Wednesday 12 August 2015

It's a Groove Thing

I wrote this last Wednesday while in Mexico to publish today:

As I lay here in the sticky Mexican heat staring out at the palms and ocean I can't help but feel like nothing matters.  No I am not drunk...(yet)...I am totally relaxed.  Mexico has swallowed me up and spit me out fully untangled from my stress.  The way she always does.  I would like to share with you three groove things I rediscovered on this trip:



1) Age doesn't matter.  From the fun 19 year olds at the beach bar to the elderly couple at the food buffet, we are all seeking the same beautiful thing.  A tangible experience that takes us away from anything negative, from reality, from our woes.  We are all floating into smiles, sunshine, cervezas, we are all one here and we are happy.

2) Be a fool.  No one cares!! Get messy, get frisky, get living life, because you only have 7 to 14 days to do it in so you best get going.  The truth is you can be anyone you want to be on vacation.  No one knows you, or expects anything of you.  So, go out there and do what you will make you head back home declaring you just had the best vacation of your life!

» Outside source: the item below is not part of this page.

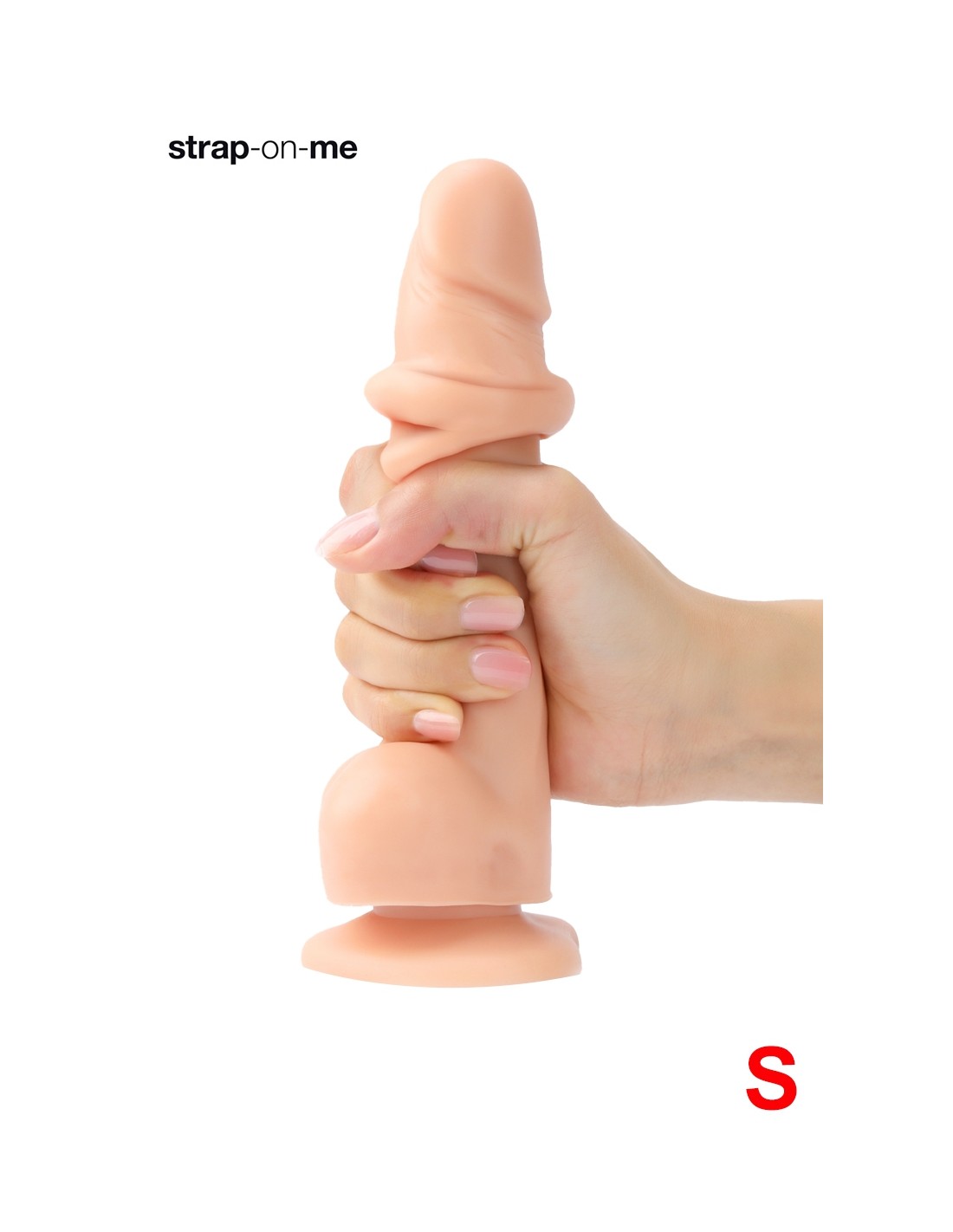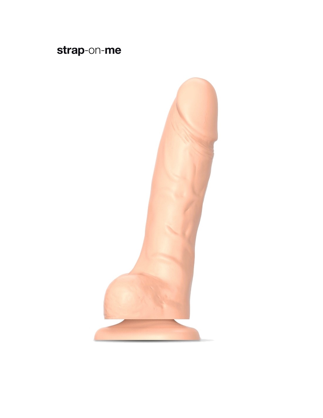 El dildo realista de piel deslizante Strap-On-Me es adaptable a un arnés provisto de un anillo tipo O-ring. Se puede utilizar en modo strap-on y no daña la piel gracias a su base muy fina.

3) Being gorgeous doesn't matter.  Seriously.  On the hot beach in the mix of one pieces, barely there bikinis, speedos, beer bellies,etc you realize looks don't matter.  The release of social pressure to be pretty and prefect and put together is amazing!  You sweat off your makeup, you wear a hideous passport purse, you swing into full tacky, fantastic, vacation mode and nothing is more liberating than not giving a f#ck.

Huge Thanks to the following people: The Aussie, Manitoba, The Birthday Brit, The Young Love Birds, Bethlehem, Texas (X2), Broken Leg, The Crazies, The Argentinians, The Irish, Bravo Echo, The Brit Boys and all the people of Mexico!!
But, of course the biggest thanks to my mom for coming with me to Mexico to find my groove, and remember what is important and what really just isn't.  Viva La Mexico!!